This overall pattern of expression of cell cycle regulators in 1 month denervated muscle could stimulate muscle satellite cell proliferation to counteract the loss of mass. The resolution of these changes by 3 months may remove proliferating cells from the cell cycle and induce terminal differentiation of existing satellite cells and myoblasts. This loss of a proliferative response would prevent further increases in muscle mass and may be a deciding factor in limiting the myogenic response and regenerative capacity of 3 month denervated muscle.

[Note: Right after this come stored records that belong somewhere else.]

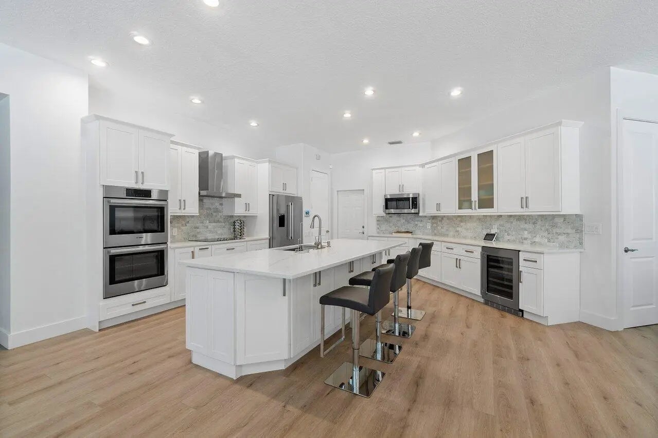 Beautiful, completely renovated,single family home in the quaint little neighborhood called The Moorings. These Arthur Rutenberg homes are built on a St Augustine floor plan, all on one level. A humongous 1/2 acre lot, one of the largest in the neighborhood, with a large screened in Pool in the back with new pool heater/pump & salt system. There are so many renovations, but to name a few, a complete newly designed kitchen with bosch and Thermidor appliances, new cabinets with quartz contertops. All new flooring, new roof (2023) New A/C (2023), new bathroom cabinets and tile, new impact windows (2023), stampcrete patio and driveway, all new light fixtures, new irrigation system. You have to see to appreciate this quiet little neighborhood with one of the lowest HOA fees around.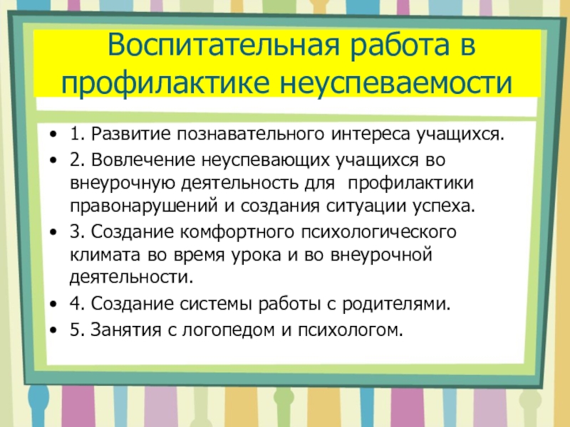 Слайд 9 Воспитательная работа в профилактике неуспеваемости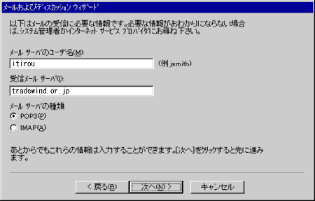 [受信メールサーバ] :tradewind.or.jpのように入力します。
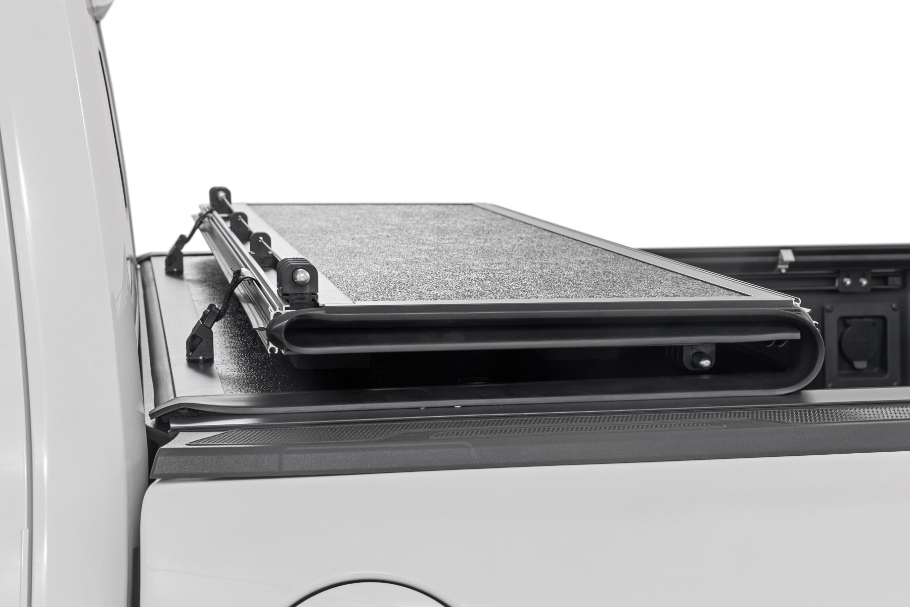 Flush, low-profile design with stylish matte black finish frame and aluminum panels. Tri-Fold Design allows quick access to cargo. Corrosion resistant black powder coated aluminum frame. Secure track and rail mounting system with drain tubes included. Nylon straps secure the cover in the 2/3 open position. Drive with the cover in the 2/3 open or closed position. Auto latching design secures on closure. Single cable pull for easy latch release and access. No drill easy install and removal - all tools included. Nylon safety straps included. 5 Year Warranty.Manufacturer Notes:

CONCLUSIONS AND SIGNIFICANCE
Using cDNA microarray analysis, we have demonstrated differential patterns of gene expression unique to muscle following either short-term (1 month) or prolonged (3 month) denervation injury, supporting our primary hypothesis. We have conducted analyses of these expression patterns and delineated specific genes and biological association networks that may induce/permit development of irreversible denervation muscle pathology or alternatively protect the reinnervation and functional recovery potential of denervated muscle.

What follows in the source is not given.